> **EXERCISE AIM**:
The listing is to be returned word for word, without its images.

─── EXCERPTED RECORDS ───

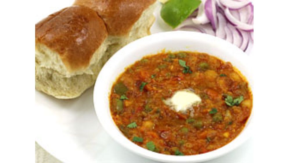 Transfer prepared bhaji to a serving bowl and garnish with a cube of butter. Serve hot with butter roasted pav, sliced onion and lemon wedges.
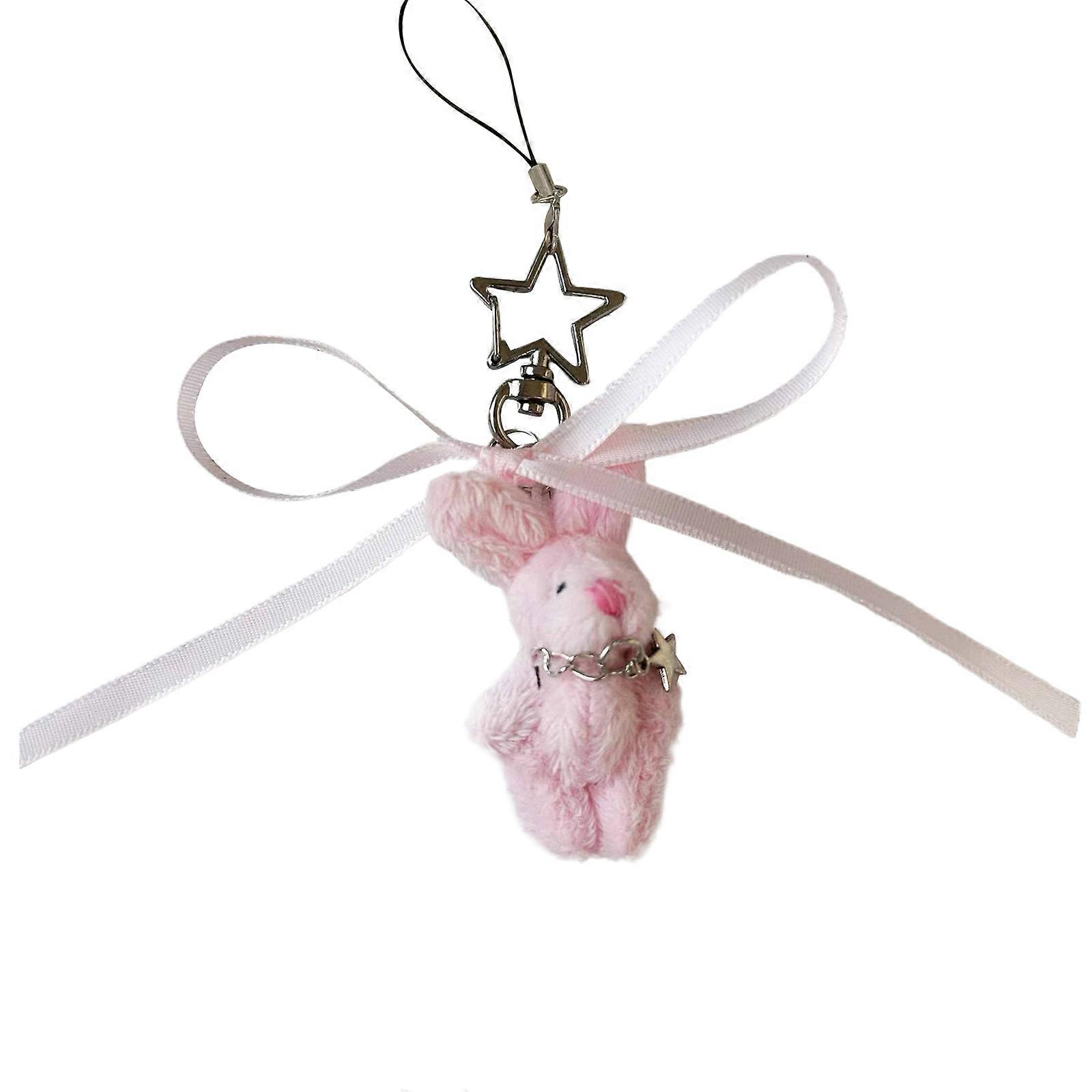 Practical Lovely Rabbits Keyring with Colorful Bowknot Stylish Keychain Charm Fashion Accessory for Phone Decoration Pink
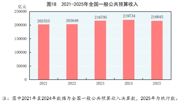 全年全国一般公共预算收入216045亿元,比上年下降1.7%;其中税收收入176363亿元,增长0.8%。全国一般公共预算支出287395亿元,比上年增长1.0%。全年现行支持科技创新和制造业发展的主要政策减税降费及退税金额28557亿元。
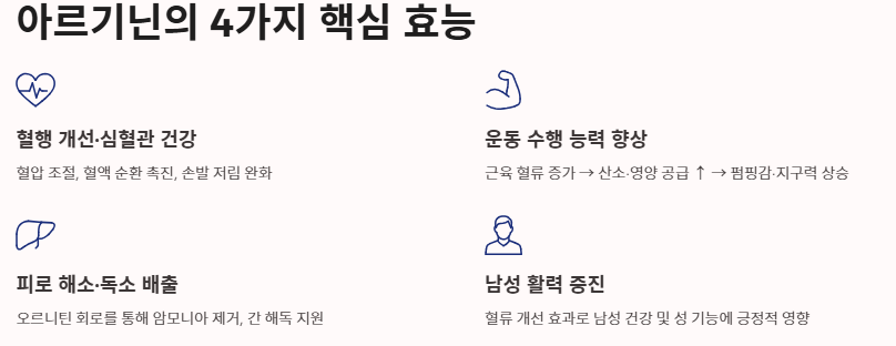 - 아르기닌의 효능은 산화질소 생성을 통한 혈류 개선과 피로 해소에 특화되어 있습니다.
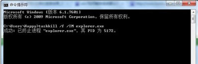 2. Enter "taskkill /f /IM explorer.exe" in the command prompt window, and press Enter to close "explorer.exe" (as shown in the picture);

───

> **TASK RESPONSE**:
 Transfer prepared bhaji to a serving bowl and garnish with a cube of butter. Serve hot with butter roasted pav, sliced onion and lemon wedges.
 Practical Lovely Rabbits Keyring with Colorful Bowknot Stylish Keychain Charm Fashion Accessory for Phone Decoration Pink
 全年全国一般公共预算收入216045亿元,比上年下降1.7%;其中税收收入176363亿元,增长0.8%。全国一般公共预算支出287395亿元,比上年增长1.0%。全年现行支持科技创新和制造业发展的主要政策减税降费及退税金额28557亿元。
 - 아르기닌의 효능은 산화질소 생성을 통한 혈류 개선과 피로 해소에 특화되어 있습니다.
 2. Enter "taskkill /f /IM explorer.exe" in the command prompt window, and press Enter to close "explorer.exe" (as shown in the picture);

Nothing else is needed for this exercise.